Continuous blood pressure measurement requires high accuracy and sensitivity from the sensor. Pressure sensors are known for their high accuracy and good sensitivity, and they are not affected by changes in light intensity. However, traditional pressure sensor chips are typically made of rigid materials such as a metal or semiconductor. Prolonged wearing of these sensors can lead to corrosion from sweat, which affects measurement accuracy and may even result in damage to the sensor chip. Based on the above situation, Peng et al. discovered that Mxene/rGO/P(VDF-TrFE) hybrid material exhibits excellent electrical performance and mechanical strength. Therefore, they fabricated a flexible sensor based on this material [5]. Furthermore, scholars have utilized polydimethylsiloxane (PDMS) as a flexible material for sensor fabrication.

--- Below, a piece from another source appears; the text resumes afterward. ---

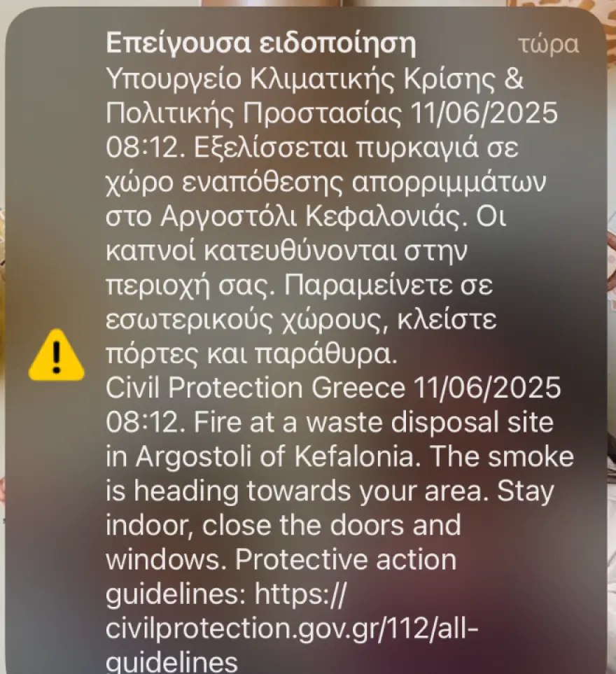 Παράλληλα εστάλη μήνυμα από το 112 για κίνδυνο από τους καπνούς, καλώντας σε παραμονή σε εσωτερικούς χώρους

Among them, Sylgard 184 PDMS has been widely employed in the field of chip technology [6,7,8,9,10,11]. This material exhibits excellent biocompatibility; and its stiffness, elasticity, and other properties are close to those of human skin [12,13]. Kumar A et al. fabricated high-performance flexible sensors using deionized water (DIW) and PDMS [14]. Choong C et al. developed pyramid microstructured sensors based on PDMS [15]. Xin Li et al. prepared a flexible dual interdigital electrode sensor using PDMS, which exhibited high sensitivity, stretchability, a large measurement range, and outstanding stability [16]. Some researchers have found that poly-para-xylylene (parylene) possesses excellent corrosion resistance, moisture barrier, biocompatibility, and thermal stability [17,18,19,20]. This material is widely utilized in fields such as biology and healthcare. For instance, in references [21,22], parylene was employed to encapsulate bioelectrodes. References [23,24,25] applied parylene in retinal transplantation surgeries. Wu P et al. used parylene for the water sealing of micro-electromechanical system (MEMS) sensors and achieved devices with excellent waterproofing performance and high sensitivity [26]. Wang Y et al. summarized the applications of parylene in MEMS [27].
Continuous blood pressure measurement methods can be classified as invasive or noninvasive, with invasive measurement being the gold standard but requiring high operational standards and potentially causing infections, bleeding, blood clots, and other complications [28]. The noninvasive continuous blood pressure monitoring methods mainly include the arterial tonometry method and the pulse wave parameter method, among others [29,30]. Of these methods, pulse wave parameter measurement extracts feature parameters from pulse waveforms, uses regression analysis to establish the relationship between blood pressure and pulse wave, and thus realizes continuous noninvasive blood pressure measurement [31,32]. Many products on the market now use photoplethysmography sensors to collect pulse signals and obtain pulse wave feature parameters to calculate blood pressure values [33], such as the Mi bracelet and HUAWEI smartwatch. Photoplethysmography sensors are small, highly integrated, easy to use and flexible, and can be integrated into portable devices to enable wearable blood pressure measurement. However, photoplethysmography sensors are sensitive to changes in light intensity, skin color, and sweat, which can lead to poor device accuracy based on this monitoring principle, making it difficult to meet medical standards (for example, AAMI standards) [34,35,36]. Arterial tonometry is a method of gradually applying external pressure to achieve equal internal and external pressure in the blood vessels and then using a pressure sensor placed above the artery to measure external pressure values to calculate arterial blood pressure [37]. Currently, blood pressure monitoring devices based on this method, such as the US TL-300 and Japan CBM-7000 noninvasive blood pressure measurement systems, have good blood pressure measurement accuracy [38,39].
Existing studies have achieved good results. However, the current fabrication processes for related flexible sensors are relatively complex and still in the developmental stage. Therefore, in this study, a flexible packaging sensor combining parylene and PDMS was fabricated to enhance the comfort of the wearer and prevent sweat erosion, while achieving the stability and reliability of traditional rigid pressure sensors. The arterial tonometry method, which relies solely on the peak and trough values of the pulse waveform for blood pressure calculation, fails to comprehensively consider other pulse wave parameters. This limitation leaves room for improvement in the accuracy of blood pressure measurement using this method. Therefore, we compared and analyzed various machine learning algorithms and determined that the random forest model was found to be the optimal regressor. A blood pressure monitoring system based on an improved arterial tonometry method was designed and implemented. The proposed blood pressure monitoring system, based on flexible packaging sensors, provides a theoretical foundation and has application value for achieving wearable blood pressure measurement and precise diagnosis and treatment of conditions such as hypertension.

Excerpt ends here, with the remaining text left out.